In your second program, you should pass the thread number as an argument to the subroutine runN? This is probably what is wrong.

If I can, I will post a working example of multi-threading with FTN95 in a few days; just a little busy at the moment.

25 Apr 2013 7:13 #12105

Thanks for the critical point. Yes, adding integer argument to RunN (m) can reveal the thread handle (the one which is = 20+iCurrThread), which could be used for thread counting.

When I added argument m to RunN and changed one line ithr = iCurrThread

to ithr = m-20

all started working OK. So any guess why iCurrThread passed via common was wrong? Is there a chance that anything passed via common could be wrong ? When we clear that and formulate some simple rules what's to do and what's not i think anyone will be able safely write parallel programs using FTN95

25 Apr 2013 9:35 #12106

Data in common will probably be Shared amongst the threads, so it isn't possible for each thread to have different sets of common variables.

On the other hand, arguments passed as arguments, and local variables in the subroutine, will be stored on the stack.

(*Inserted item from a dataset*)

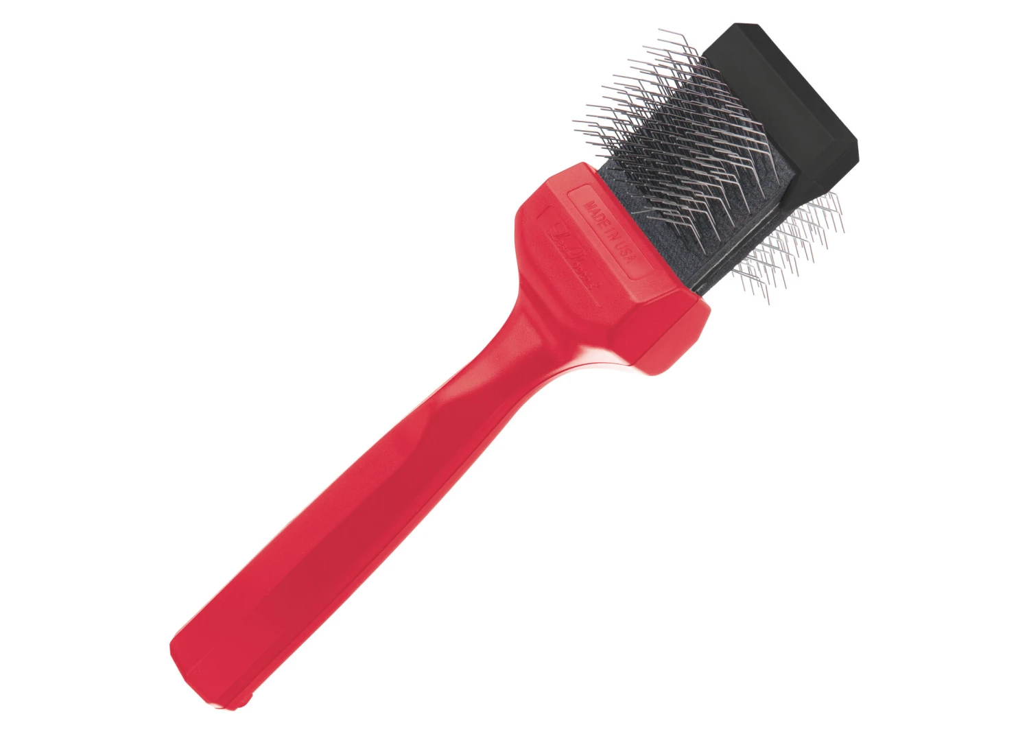 This specific RED colored Les Poochs brush is an Ultimate detangle slicker brush. No need for combs, rakes or detangling sprays. The Matt Zapper takes on the toughest isolated mats – all on its own. Its unique bristle layout quickly and efficiently tackles tangled clumps of fur. Recognized as the first line in matt defense, professional groomers rely on Matt Zapper as the go-to dog dematting tool in “emergency” coats – where the only other option is shaving. This ultimate brush removes stubborn tangles up to 50 times better than our regular brush line. Its very firm head and straight rows of pins allow you to break through any mat.
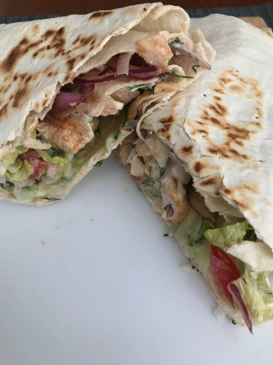 У меня в душе порой идёт конфликт интересов: хочется чего-то вредного и фастфудного, а выходить не хочется. Что ж хочется, значит надо! Хорошо сейчас развита доставка: выходить из дома не надо,- звёзды сошлись, поэтому делаем домашнюю шаурму. А видео-рецепт вы найдете в конце поста. Ингредиенты на две порции: 1. Лаваш - 2 шт. 2. Куриная грудка - 200 - 300 г. 3. Огурец - 1 шт. 4. Помидоры - 2 шт. 5. Пекинская капуста - 4 листа. 6. Сметана - 1 шт. 7. Чеснок - 2 зубчика. 8. Укроп - 1 пучок. 9. Лук- 0.5 луковицы 10. Специи: соль, перец, сушёный чеснок, карри, сладкая паприка. 11. Бальзамический соус 1 шаг. Подготовка овощей. Тут насколько вашей фантазии хватит. Мне шаурма нравится, когда овощи нарезаны тонкими слайсами. Поэтому нарубаем листья пекинской капусты, помидор, огурец, лук. Лук, чтобы не горчил, можно промыть под водой, а после добавляем него небольшое количество бальзамического соуса. 2 шаг. Подготовка соуса. Здесь все максимально просто: мельчим чеснок и зелень и замеши

There should be a different stack for each thread.

However, this isn't the point. The subroutine runN requires an integer argument is passed to it. If you leave this out you will be potentially corrupting the call stack frame at each call and the behaviour you wil get will be unpredictable.

You may find it helpful to read up on the difference between shared and private variables in OpenMP as the distinction used there is what you need to be aiming for with your own codes using FTN95. For example, you will learn it is OK for each thread to read data in shared variables, but to write requires the use of locks.

26 Apr 2013 12:37 #12107

Quoted from davidb Data in common will probably be Shared amongst the threads, so it isn't possible for each thread to have different sets of common variables.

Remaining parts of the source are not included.